● About this exercise: Look below for the line containing "山形県食肉公社で開催された第" and the line containing "More than just"; repeat exactly those two lines and all lines between them, and nothing else.

● Raw data:
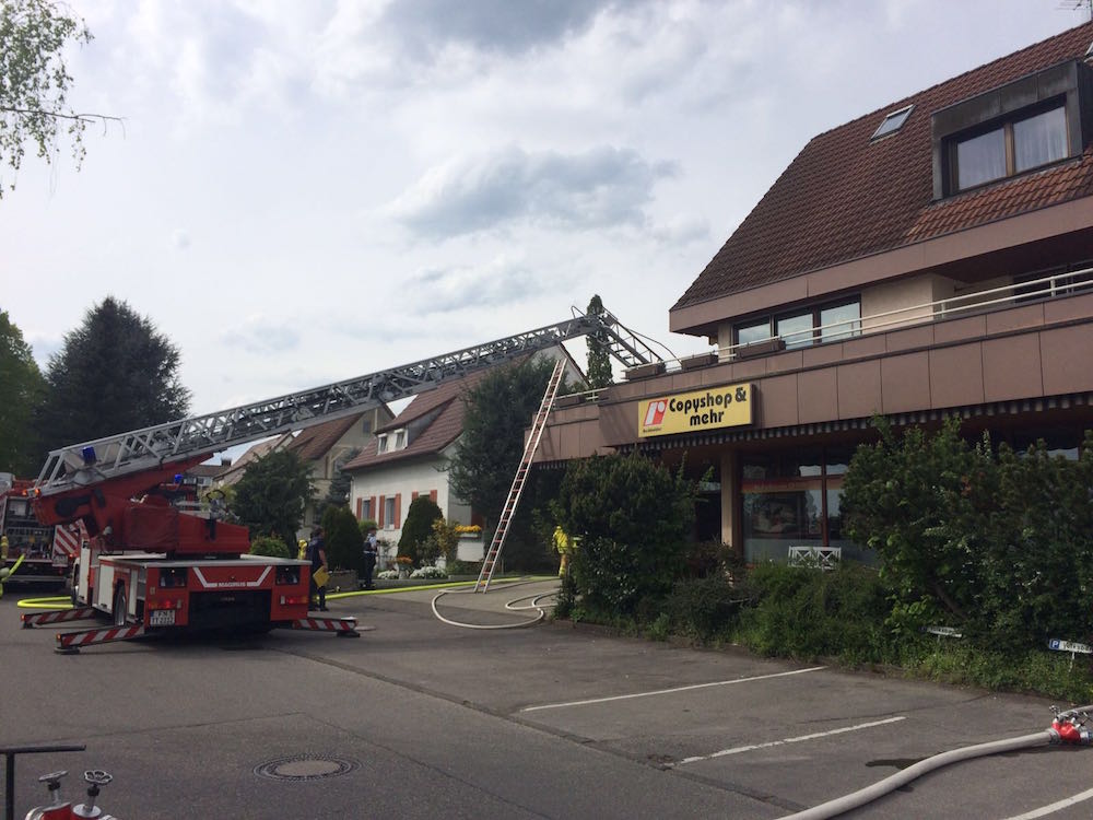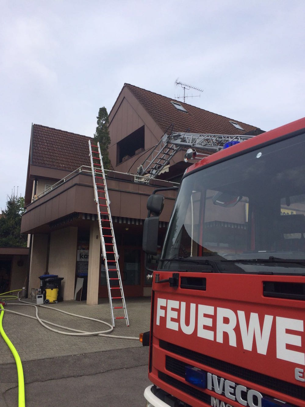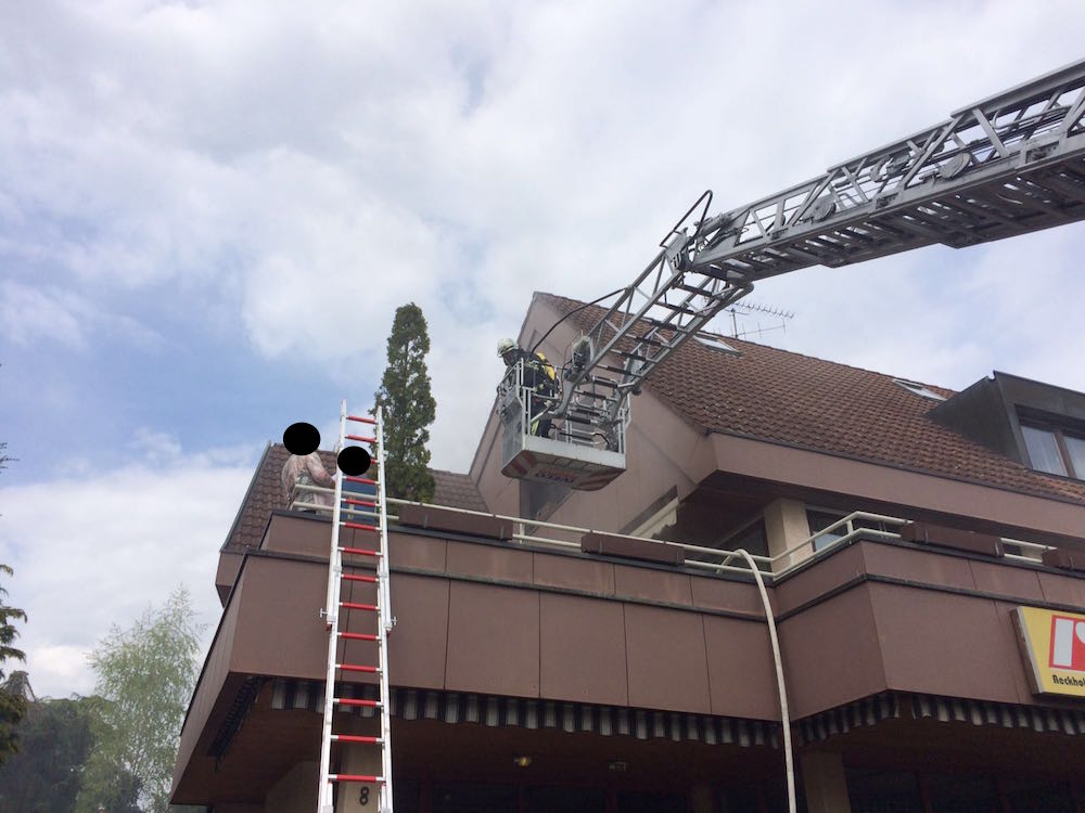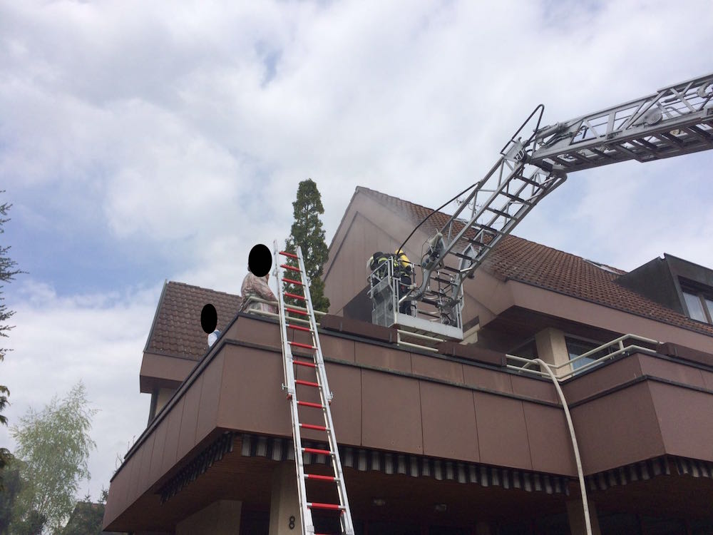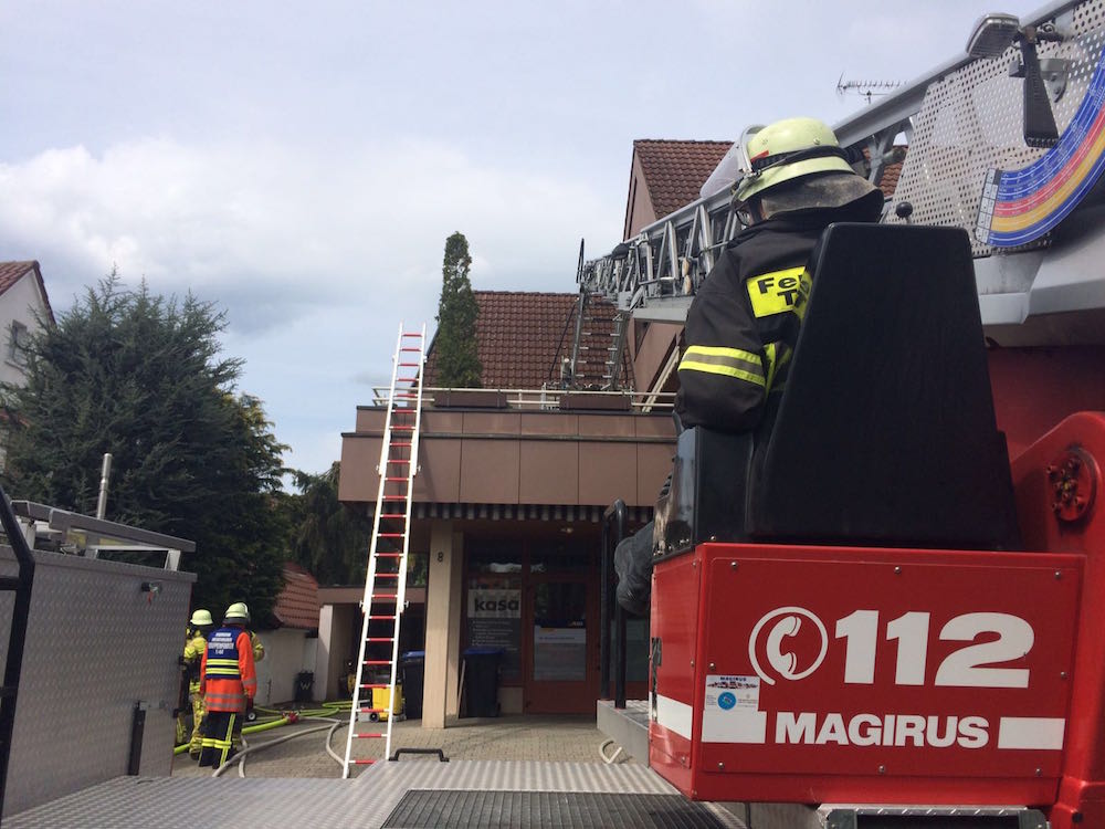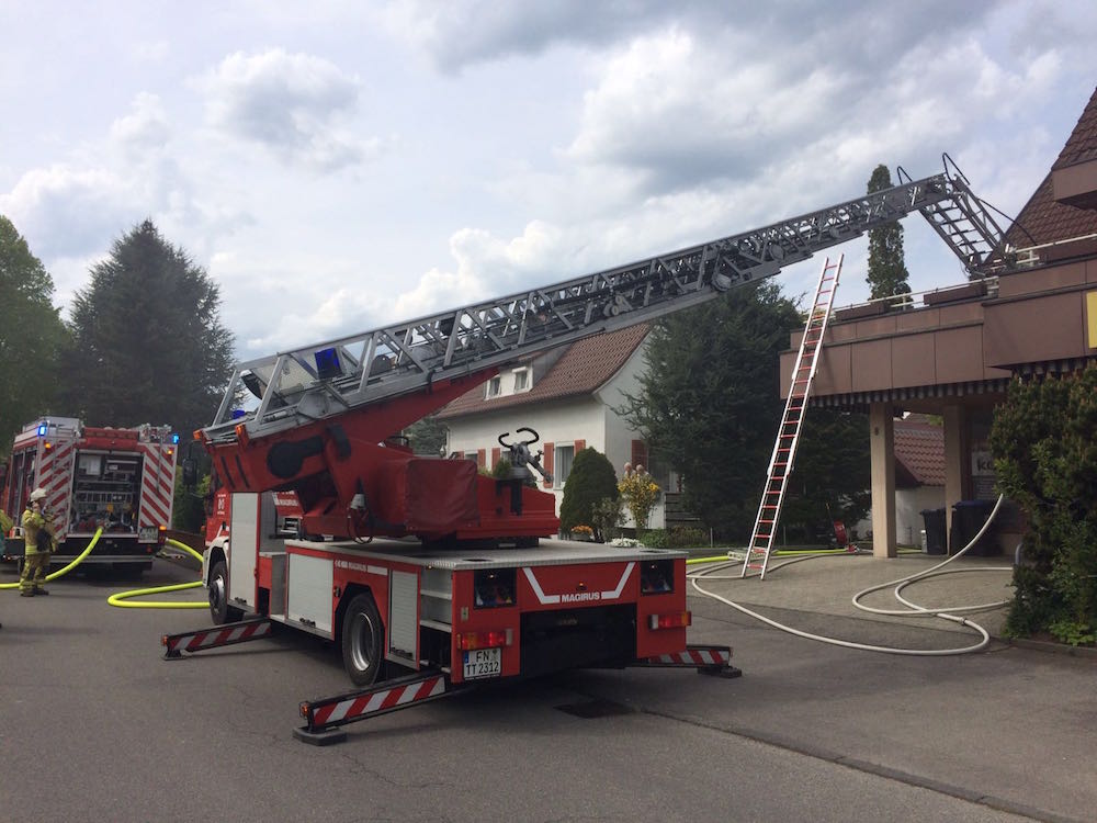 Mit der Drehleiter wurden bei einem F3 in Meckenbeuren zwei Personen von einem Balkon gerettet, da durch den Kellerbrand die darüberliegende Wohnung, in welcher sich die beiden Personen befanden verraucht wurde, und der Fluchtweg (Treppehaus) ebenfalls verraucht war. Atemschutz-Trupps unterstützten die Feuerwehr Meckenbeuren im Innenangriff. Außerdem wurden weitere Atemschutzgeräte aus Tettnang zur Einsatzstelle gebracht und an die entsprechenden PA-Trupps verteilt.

--

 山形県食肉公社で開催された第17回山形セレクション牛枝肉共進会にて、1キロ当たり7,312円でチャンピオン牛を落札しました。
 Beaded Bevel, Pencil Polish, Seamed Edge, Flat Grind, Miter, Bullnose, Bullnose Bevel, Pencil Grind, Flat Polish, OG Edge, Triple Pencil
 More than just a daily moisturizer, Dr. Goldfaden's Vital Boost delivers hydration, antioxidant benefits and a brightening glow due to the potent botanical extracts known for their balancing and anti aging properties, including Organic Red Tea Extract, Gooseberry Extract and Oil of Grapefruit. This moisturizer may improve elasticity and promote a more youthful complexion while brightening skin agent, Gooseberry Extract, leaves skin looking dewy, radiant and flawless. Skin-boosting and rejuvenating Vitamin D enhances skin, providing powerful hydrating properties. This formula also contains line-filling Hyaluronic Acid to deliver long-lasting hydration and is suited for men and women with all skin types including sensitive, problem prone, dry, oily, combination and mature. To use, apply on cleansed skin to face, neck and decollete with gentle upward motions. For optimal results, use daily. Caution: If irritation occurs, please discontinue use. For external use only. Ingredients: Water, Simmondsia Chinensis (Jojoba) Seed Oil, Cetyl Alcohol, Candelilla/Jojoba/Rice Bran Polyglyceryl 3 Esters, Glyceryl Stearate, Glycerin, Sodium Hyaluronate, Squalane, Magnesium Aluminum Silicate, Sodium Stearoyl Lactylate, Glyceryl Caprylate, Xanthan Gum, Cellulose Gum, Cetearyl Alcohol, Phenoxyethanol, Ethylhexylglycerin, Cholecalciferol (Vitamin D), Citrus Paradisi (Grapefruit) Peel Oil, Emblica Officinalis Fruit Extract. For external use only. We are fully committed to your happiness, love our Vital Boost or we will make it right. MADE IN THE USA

● Result of this exercise:
 山形県食肉公社で開催された第17回山形セレクション牛枝肉共進会にて、1キロ当たり7,312円でチャンピオン牛を落札しました。
 Beaded Bevel, Pencil Polish, Seamed Edge, Flat Grind, Miter, Bullnose, Bullnose Bevel, Pencil Grind, Flat Polish, OG Edge, Triple Pencil
 More than just a daily moisturizer, Dr. Goldfaden's Vital Boost delivers hydration, antioxidant benefits and a brightening glow due to the potent botanical extracts known for their balancing and anti aging properties, including Organic Red Tea Extract, Gooseberry Extract and Oil of Grapefruit. This moisturizer may improve elasticity and promote a more youthful complexion while brightening skin agent, Gooseberry Extract, leaves skin looking dewy, radiant and flawless. Skin-boosting and rejuvenating Vitamin D enhances skin, providing powerful hydrating properties. This formula also contains line-filling Hyaluronic Acid to deliver long-lasting hydration and is suited for men and women with all skin types including sensitive, problem prone, dry, oily, combination and mature. To use, apply on cleansed skin to face, neck and decollete with gentle upward motions. For optimal results, use daily. Caution: If irritation occurs, please discontinue use. For external use only. Ingredients: Water, Simmondsia Chinensis (Jojoba) Seed Oil, Cetyl Alcohol, Candelilla/Jojoba/Rice Bran Polyglyceryl 3 Esters, Glyceryl Stearate, Glycerin, Sodium Hyaluronate, Squalane, Magnesium Aluminum Silicate, Sodium Stearoyl Lactylate, Glyceryl Caprylate, Xanthan Gum, Cellulose Gum, Cetearyl Alcohol, Phenoxyethanol, Ethylhexylglycerin, Cholecalciferol (Vitamin D), Citrus Paradisi (Grapefruit) Peel Oil, Emblica Officinalis Fruit Extract. For external use only. We are fully committed to your happiness, love our Vital Boost or we will make it right. MADE IN THE USA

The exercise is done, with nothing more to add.